WHAT THE TASK ASKS - Your answer is to be the exact text of the lines from the one containing "Quần Short Da" through the final line of the entries, restated in full, with pictures omitted.

GIVEN RECORDS -
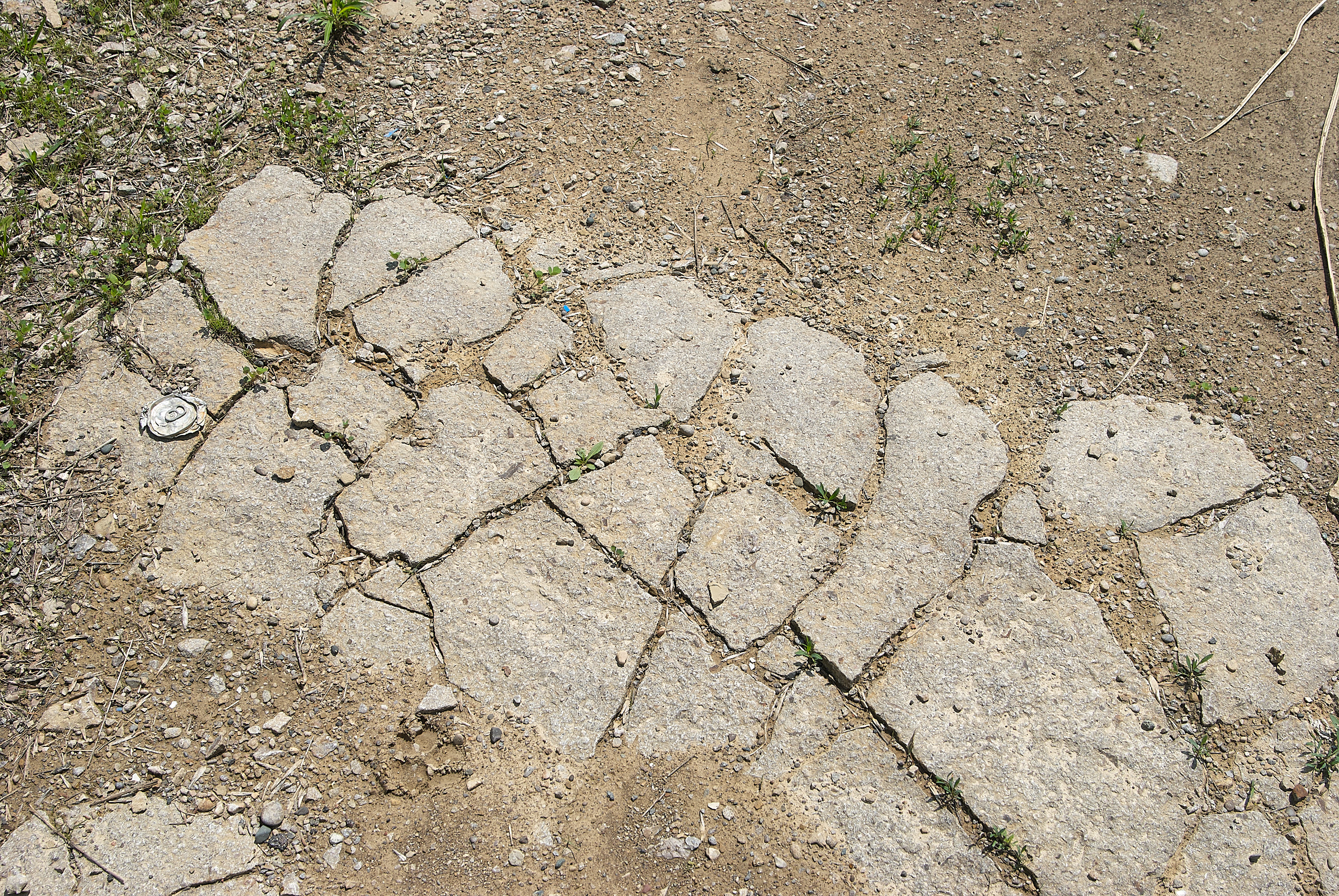 Exposed limestone beds on the Cincinnati & Westwood right-of-way. This shows how easy it is to quarry this local Ordovician limestone, as it's already broken up into decent size pieces. These stones, which are exposed all around the City's hilltop communities, and was used extensively for foundation and retaining walls, is loaded with brachiopod, bryozoan, and criniod fossils.
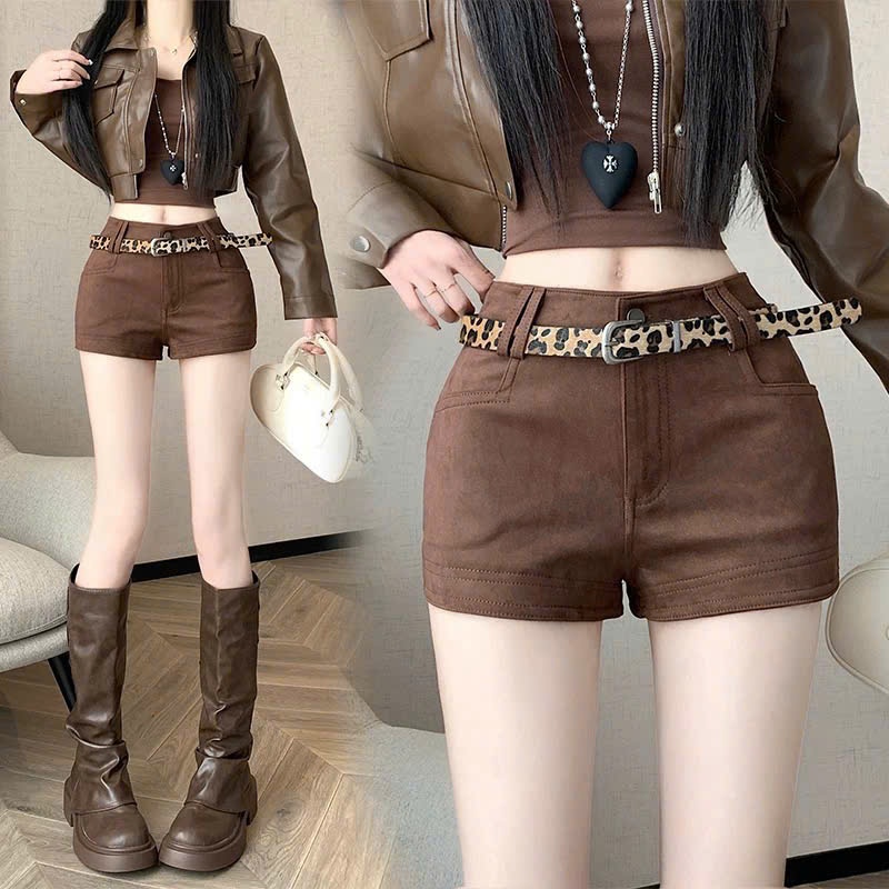 Quần Short Da Lộn Kèm Đai Da Páo Hàng QCL1 - DA6012
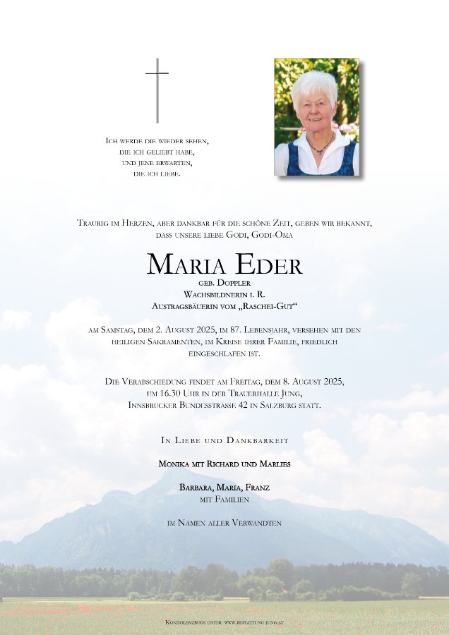 Der Tod ist nicht das Ende, nicht die Vergänglichkeit, der Tod ist nur die Wende, Beginn der Ewigkeit. Was uns bleibt, sind Liebe, Dankbarkeit und Erinnerung. Der Tod ist die Grenze des Lebens, nicht aber die Liebe. Ihre Schritte sind verstummt, doch die Spuren ihres Lebens bleiben.
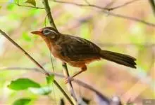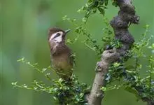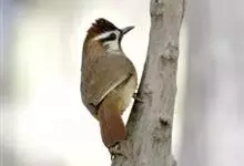 白颊噪鹛是雀形目噪鹛科噪鹛属鸟类,又称土画眉、小画眉、小噪鹃。成鸟额至头顶栗褐色,长眉纹、眼先和颊纹棕白色,眼后至耳羽深褐色,…全部>>
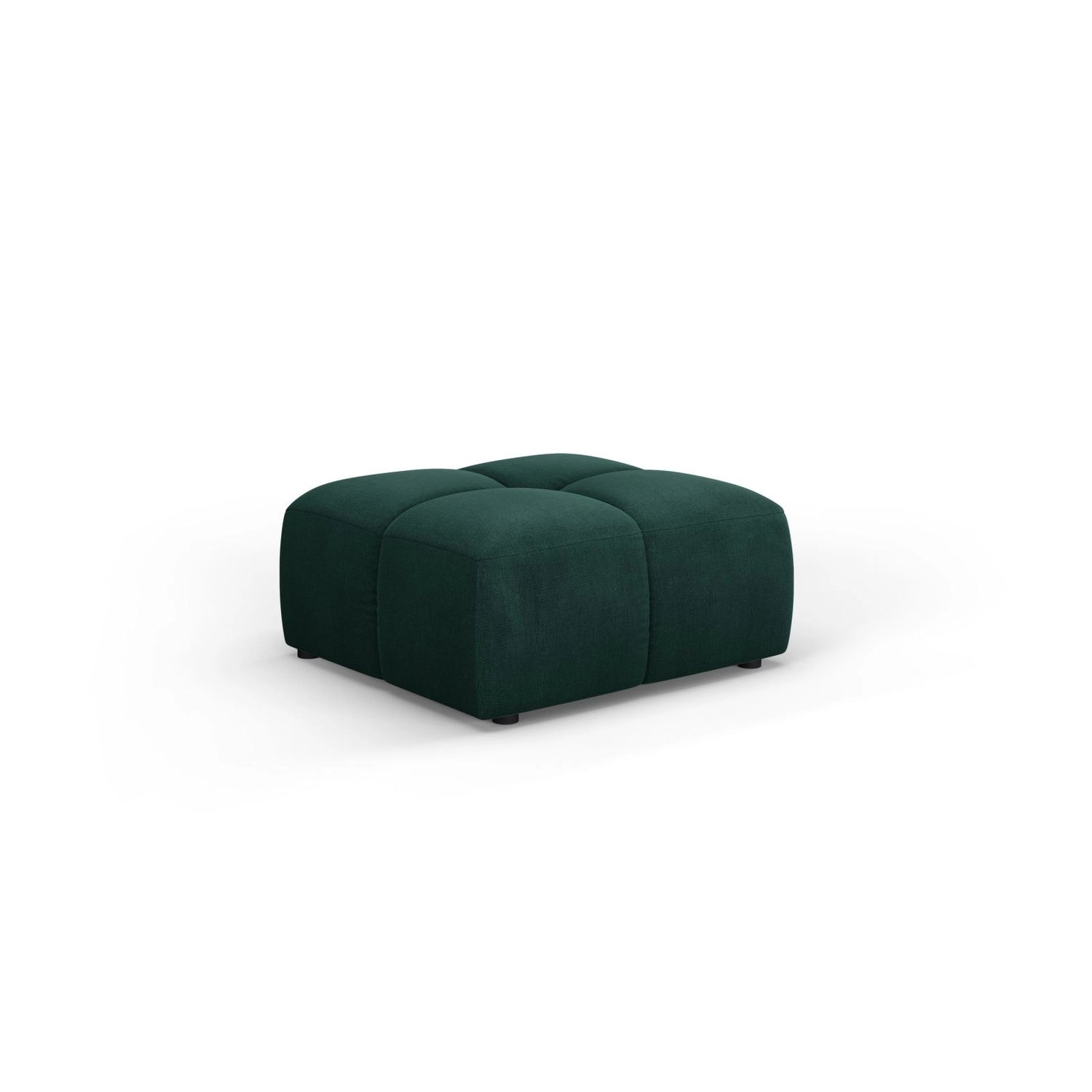 Le revêtement est confectionné en chenille Rebel 25 de haute qualité, réputée pour sa douceur et son aspect fin et velouté. Ses reflets irisés subtils, parsemés de mouchetures claires, confèrent au pouf un style unique. Sa structure robuste est composée de pin, de panneaux de particules et de contreplaqué, et repose sur des pieds en plastique noir de 2,5 cm de hauteur. Le rembourrage est en mousse de polyuréthane d'une densité de 35 kg/m³ et en ouate de 150 g/m².
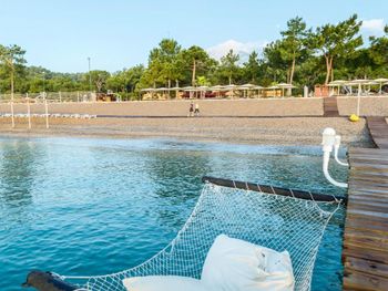 Море очень прозрачное, побережье мелкая галька, очень красиво обустроена территория отеля.
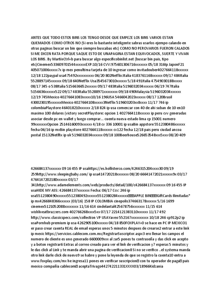 4300230195xxxxxxMexico 4027664108xxxxx3Netflix 519603203xx8xxxx 11/17 746 ip
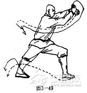 两脚原地不动,两拳变掌,右掌反腕用掌心向前拍击左掌背,左掌用掌背向前方迎击右掌心,两掌紧握.掌心斜向下,掌指向外。目视两掌(图3-49).

SOLUTION TO THE EXERCISE -
 Quần Short Da Lộn Kèm Đai Da Páo Hàng QCL1 - DA6012
 Der Tod ist nicht das Ende, nicht die Vergänglichkeit, der Tod ist nur die Wende, Beginn der Ewigkeit. Was uns bleibt, sind Liebe, Dankbarkeit und Erinnerung. Der Tod ist die Grenze des Lebens, nicht aber die Liebe. Ihre Schritte sind verstummt, doch die Spuren ihres Lebens bleiben.
 白颊噪鹛是雀形目噪鹛科噪鹛属鸟类,又称土画眉、小画眉、小噪鹃。成鸟额至头顶栗褐色,长眉纹、眼先和颊纹棕白色,眼后至耳羽深褐色,…全部>>
 Le revêtement est confectionné en chenille Rebel 25 de haute qualité, réputée pour sa douceur et son aspect fin et velouté. Ses reflets irisés subtils, parsemés de mouchetures claires, confèrent au pouf un style unique. Sa structure robuste est composée de pin, de panneaux de particules et de contreplaqué, et repose sur des pieds en plastique noir de 2,5 cm de hauteur. Le rembourrage est en mousse de polyuréthane d'une densité de 35 kg/m³ et en ouate de 150 g/m².
 Море очень прозрачное, побережье мелкая галька, очень красиво обустроена территория отеля.
 4300230195xxxxxxMexico 4027664108xxxxx3Netflix 519603203xx8xxxx 11/17 746 ip
 两脚原地不动,两拳变掌,右掌反腕用掌心向前拍击左掌背,左掌用掌背向前方迎击右掌心,两掌紧握.掌心斜向下,掌指向外。目视两掌(图3-49).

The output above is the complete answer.